Problem details
Give again, word for word, each line below starting at the one that contains "Matariki Lights combines" and ending at the one that contains "Genauere Beobachtungen im".

Data
====
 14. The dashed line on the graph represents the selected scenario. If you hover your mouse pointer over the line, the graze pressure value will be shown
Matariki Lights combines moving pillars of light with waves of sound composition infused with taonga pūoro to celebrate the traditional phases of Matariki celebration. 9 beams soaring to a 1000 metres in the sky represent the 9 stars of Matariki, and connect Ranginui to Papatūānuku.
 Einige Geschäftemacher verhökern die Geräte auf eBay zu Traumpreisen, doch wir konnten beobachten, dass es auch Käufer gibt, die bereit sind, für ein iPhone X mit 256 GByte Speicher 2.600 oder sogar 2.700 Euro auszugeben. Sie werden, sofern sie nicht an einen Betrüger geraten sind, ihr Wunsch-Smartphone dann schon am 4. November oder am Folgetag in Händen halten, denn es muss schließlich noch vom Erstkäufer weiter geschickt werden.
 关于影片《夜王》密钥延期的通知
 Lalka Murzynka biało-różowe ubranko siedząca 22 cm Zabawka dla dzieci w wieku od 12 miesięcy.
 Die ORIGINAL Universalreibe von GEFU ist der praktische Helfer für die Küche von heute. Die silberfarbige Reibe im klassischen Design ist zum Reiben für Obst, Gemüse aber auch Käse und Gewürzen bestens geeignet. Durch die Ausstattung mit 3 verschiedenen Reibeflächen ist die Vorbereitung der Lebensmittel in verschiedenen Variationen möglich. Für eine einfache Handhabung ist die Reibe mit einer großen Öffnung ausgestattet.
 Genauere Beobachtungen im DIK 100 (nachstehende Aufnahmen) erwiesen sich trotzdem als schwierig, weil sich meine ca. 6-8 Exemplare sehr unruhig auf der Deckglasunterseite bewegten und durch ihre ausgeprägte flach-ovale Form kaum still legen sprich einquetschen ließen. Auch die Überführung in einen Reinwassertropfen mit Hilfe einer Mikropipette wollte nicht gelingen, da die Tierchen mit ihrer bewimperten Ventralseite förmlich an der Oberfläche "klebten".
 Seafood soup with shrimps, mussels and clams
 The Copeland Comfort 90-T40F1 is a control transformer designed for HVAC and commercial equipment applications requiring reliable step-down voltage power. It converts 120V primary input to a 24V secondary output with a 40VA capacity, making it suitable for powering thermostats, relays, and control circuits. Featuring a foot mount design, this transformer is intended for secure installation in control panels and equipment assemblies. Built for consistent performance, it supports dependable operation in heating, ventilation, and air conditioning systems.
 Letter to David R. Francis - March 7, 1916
====
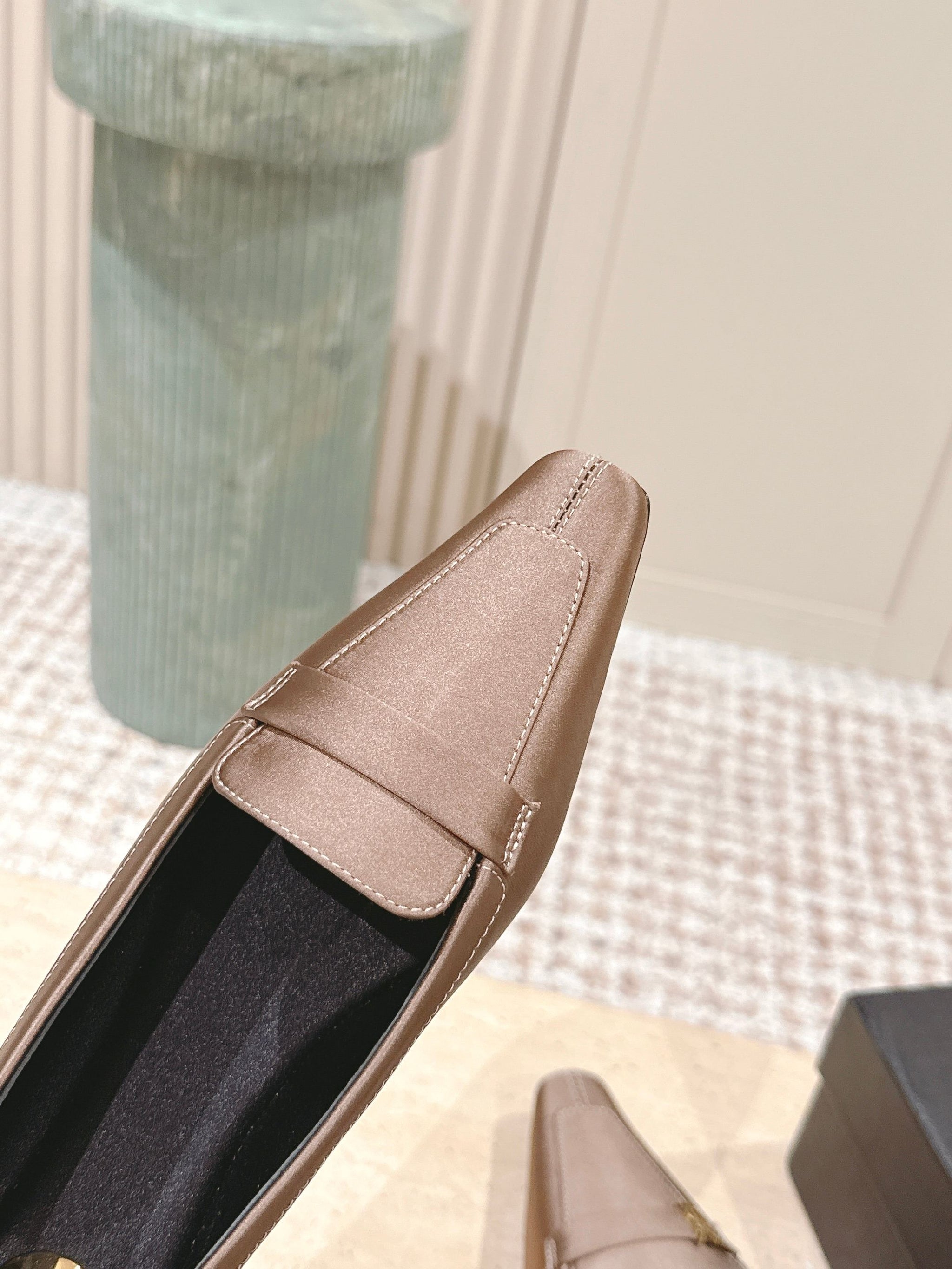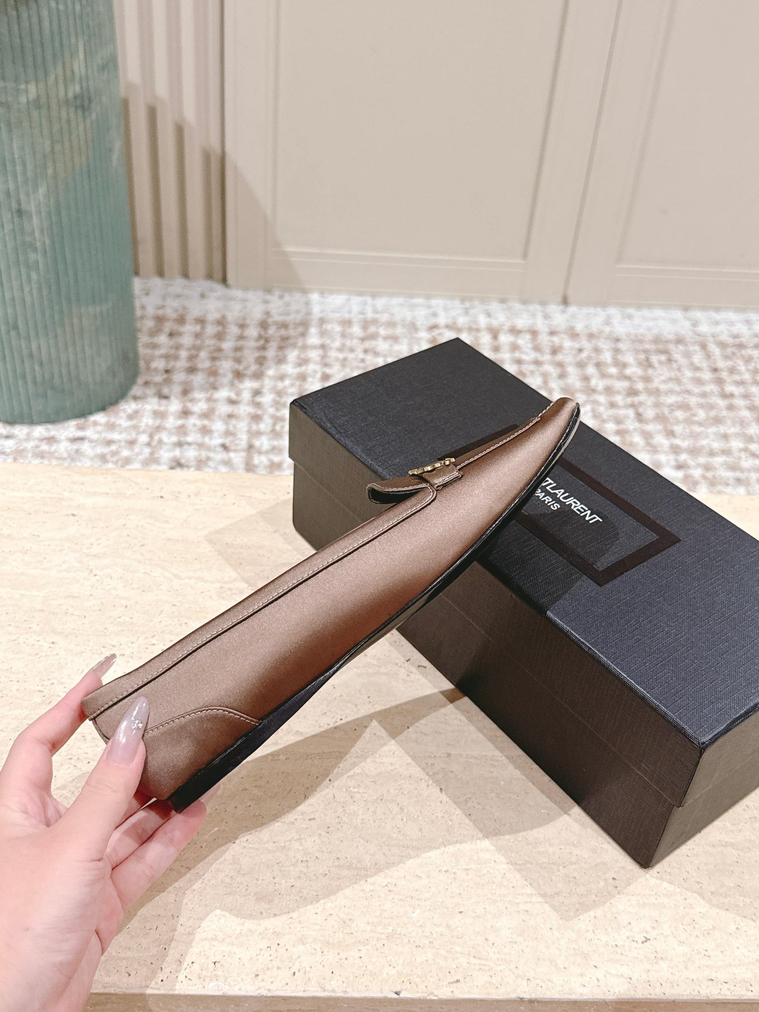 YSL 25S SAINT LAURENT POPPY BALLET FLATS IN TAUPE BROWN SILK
====
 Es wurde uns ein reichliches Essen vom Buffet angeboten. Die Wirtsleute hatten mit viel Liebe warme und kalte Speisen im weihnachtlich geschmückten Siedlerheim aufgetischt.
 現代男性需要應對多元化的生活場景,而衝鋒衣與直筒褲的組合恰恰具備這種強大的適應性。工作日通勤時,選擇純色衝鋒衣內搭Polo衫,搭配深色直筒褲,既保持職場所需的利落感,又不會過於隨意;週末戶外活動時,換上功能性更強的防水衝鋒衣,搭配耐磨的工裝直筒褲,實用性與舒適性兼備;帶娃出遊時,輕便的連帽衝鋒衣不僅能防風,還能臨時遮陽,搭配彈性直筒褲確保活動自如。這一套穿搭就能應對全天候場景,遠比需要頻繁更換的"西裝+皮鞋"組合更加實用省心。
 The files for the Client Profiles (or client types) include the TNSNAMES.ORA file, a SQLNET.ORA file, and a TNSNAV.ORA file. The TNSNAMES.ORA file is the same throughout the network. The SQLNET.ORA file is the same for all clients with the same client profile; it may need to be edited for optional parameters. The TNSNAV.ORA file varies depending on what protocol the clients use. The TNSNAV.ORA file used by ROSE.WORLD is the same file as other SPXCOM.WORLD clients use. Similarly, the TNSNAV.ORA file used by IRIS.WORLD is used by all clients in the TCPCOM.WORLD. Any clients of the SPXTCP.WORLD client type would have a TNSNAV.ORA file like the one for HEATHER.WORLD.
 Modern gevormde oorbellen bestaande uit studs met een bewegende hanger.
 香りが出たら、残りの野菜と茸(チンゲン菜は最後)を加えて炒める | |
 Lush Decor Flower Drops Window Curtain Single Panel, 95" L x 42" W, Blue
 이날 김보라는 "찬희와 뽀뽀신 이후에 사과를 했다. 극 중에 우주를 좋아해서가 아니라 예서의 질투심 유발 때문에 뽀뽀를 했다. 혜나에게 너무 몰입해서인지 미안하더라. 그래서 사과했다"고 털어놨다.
====
Answer to the exercise
Matariki Lights combines moving pillars of light with waves of sound composition infused with taonga pūoro to celebrate the traditional phases of Matariki celebration. 9 beams soaring to a 1000 metres in the sky represent the 9 stars of Matariki, and connect Ranginui to Papatūānuku.
 Einige Geschäftemacher verhökern die Geräte auf eBay zu Traumpreisen, doch wir konnten beobachten, dass es auch Käufer gibt, die bereit sind, für ein iPhone X mit 256 GByte Speicher 2.600 oder sogar 2.700 Euro auszugeben. Sie werden, sofern sie nicht an einen Betrüger geraten sind, ihr Wunsch-Smartphone dann schon am 4. November oder am Folgetag in Händen halten, denn es muss schließlich noch vom Erstkäufer weiter geschickt werden.
 关于影片《夜王》密钥延期的通知
 Lalka Murzynka biało-różowe ubranko siedząca 22 cm Zabawka dla dzieci w wieku od 12 miesięcy.
 Die ORIGINAL Universalreibe von GEFU ist der praktische Helfer für die Küche von heute. Die silberfarbige Reibe im klassischen Design ist zum Reiben für Obst, Gemüse aber auch Käse und Gewürzen bestens geeignet. Durch die Ausstattung mit 3 verschiedenen Reibeflächen ist die Vorbereitung der Lebensmittel in verschiedenen Variationen möglich. Für eine einfache Handhabung ist die Reibe mit einer großen Öffnung ausgestattet.
 Genauere Beobachtungen im DIK 100 (nachstehende Aufnahmen) erwiesen sich trotzdem als schwierig, weil sich meine ca. 6-8 Exemplare sehr unruhig auf der Deckglasunterseite bewegten und durch ihre ausgeprägte flach-ovale Form kaum still legen sprich einquetschen ließen. Auch die Überführung in einen Reinwassertropfen mit Hilfe einer Mikropipette wollte nicht gelingen, da die Tierchen mit ihrer bewimperten Ventralseite förmlich an der Oberfläche "klebten".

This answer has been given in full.